Fury Y mit 16 GB ja ne is klar wovon träumt ihr Nachts

Die Leistung 2er GTX 980 in einer Karte für 250 Euro mit 8 GB VRAM.


----------



## Noxxphox (19. September 2015)

*AW: "Von der nächsten Grafikkarten-Generation erwarte ich mir ..." Das meinen die Redakteure zu einem aktuellen Thema*

das nvidia jeim titan x navhfolger das pcb freigibt...
mit der krasen limitirung ist das für mich und viele dich ich kenne der hauptgrund warum si nimand kauft den ich kenne...
und nen hardmod machen zu mässen, nur damit die eigentlich vorhandene performance unlocked wird seh ich nicht ein...

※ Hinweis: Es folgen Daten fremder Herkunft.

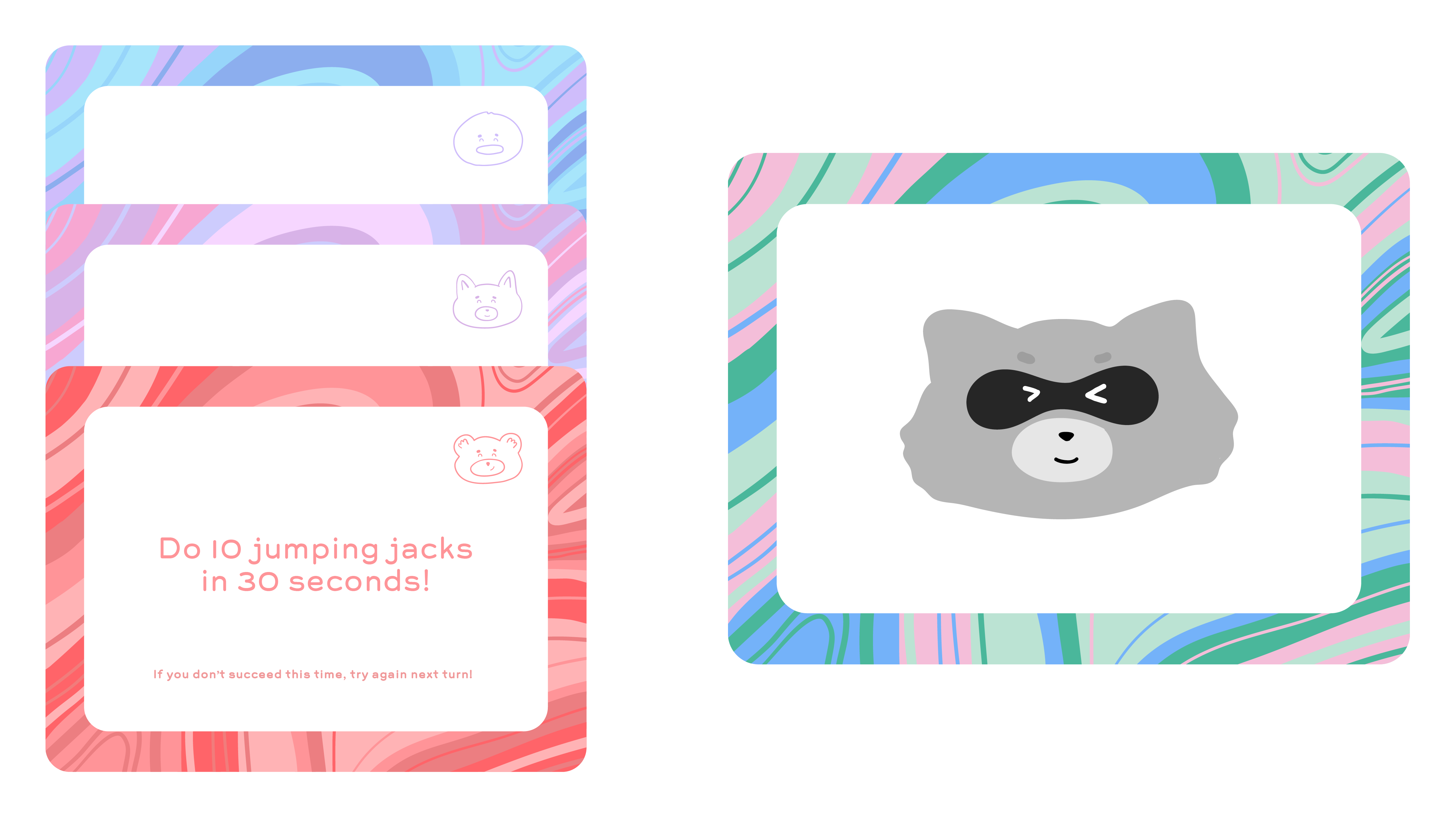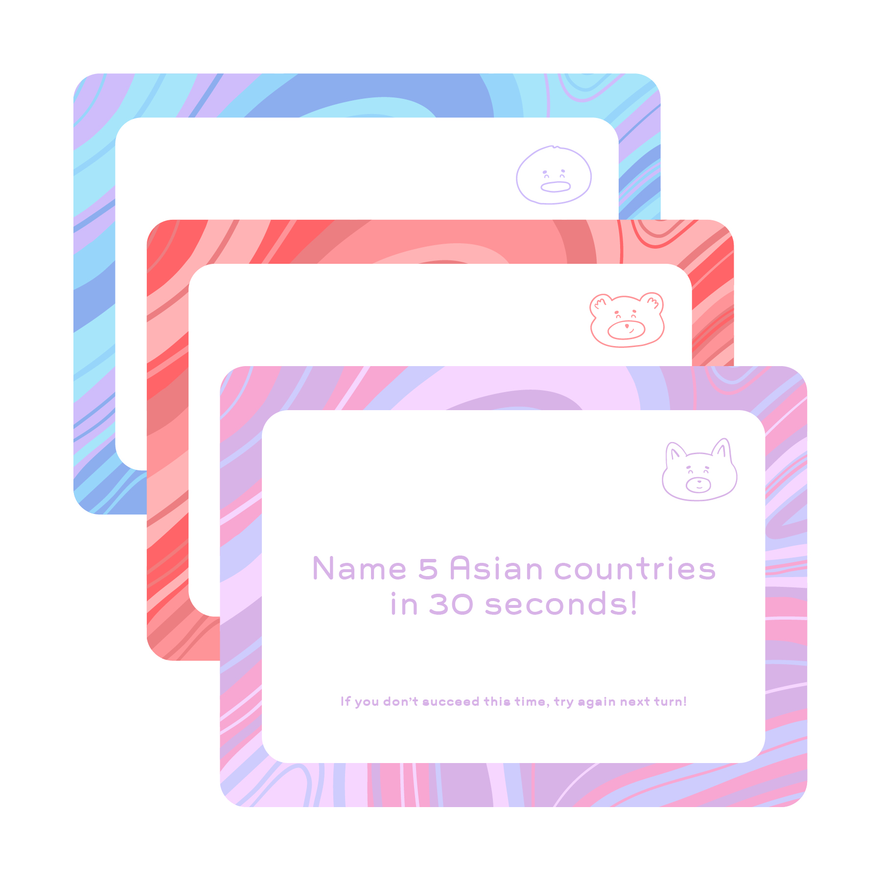 Together with my team we created challenges in three categories: knowledge, creativity, and action. The characters’ faces appear on the cards where they have an advantage to a challenge.
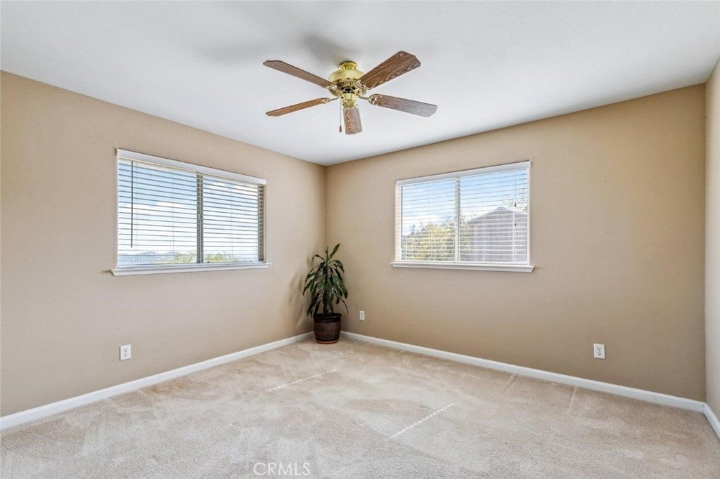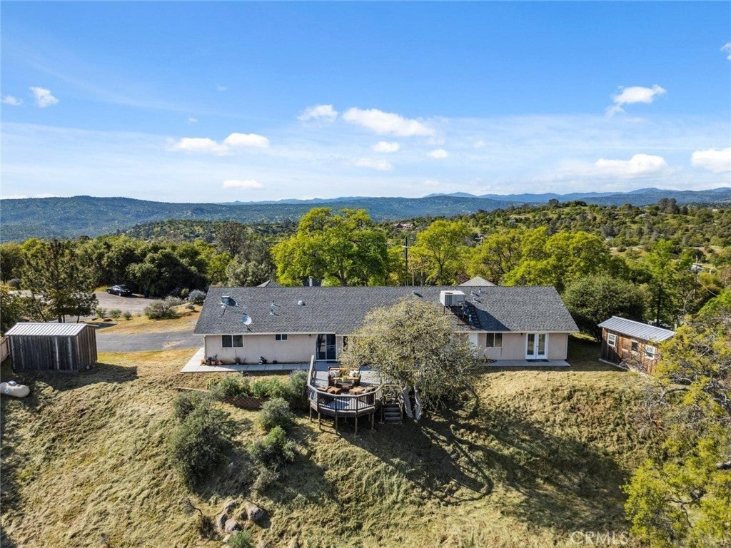 This stunning 4-bed, 3-bath mountain retreat offers panoramic sights of the Sierra Nevada & surrounding hillsides that will stop you in your tracksespecially at sunset. Tucked at the end of a peaceful cul-de-sac, this 2,168 sq. ft. home was designed to capture the essence of mountain living with visits from local wildlife. The spacious, open-concept living area is ideal & the well-designed layout includes a private fourth bedroom & full bathperfect for guests, extended family, or a private home office. The luxurious master suite features a walk-in closet, an oversized soaking tub, separate shower, double sinks, and French doors that open to the serene backyard. Two additional bedrooms share a Jack & Jill bathroom with double sinks & a tub/shower combo, while custom blinds throughout the home offer both privacy and elegance. Step outside to your Trex deck for outdoor dining, BBQs, or quiet mornings surrounded by mature trees and unobstructed views. The property includes two storage sheds, perfect for tools, gear, or extra space to keep things organized. There's even a separate driveway for your RV, boat, or toysand just steps away from your front door in the cul-de-sac, you'll find your own private hiking trail to explore. Located in the highly desirable Yosemite Lakes Park community, this home offers more than just a viewit offers a lifestyle. Enjoy access to hiking trails, a clubhouse, golf course, community pool, tennis courts, an equestrian center & local restaurants!

und nen schönen leistubgssschub im highend sektor (also der bereich der aktuelen fury bzw 980 bis titan x modele)... dann würde ich mich auch mal wider zum aufrüsten locken lassen


----------



## Incredible Alk (19. September 2015)

*AW: "Von der nächsten Grafikkarten-Generation erwarte ich mir ..." Das meinen die Redakteure zu einem aktuellen Thema*

Von der nächste Generation erwarte ich, dass

... ich mit einer einzelnen Grafikkarte ein 4K-Display mit hohen fpsin allen Spielen und (nicht sinnlos übertriebenen) Einstellungen fahren kann.
Witcher 3@ultra in 4K mit 60 fps auf dem High-End-Modell. Das wäre ne Ansage. Aktuell sinds mit zwei übertakteten GTX980 etwa 40 fps.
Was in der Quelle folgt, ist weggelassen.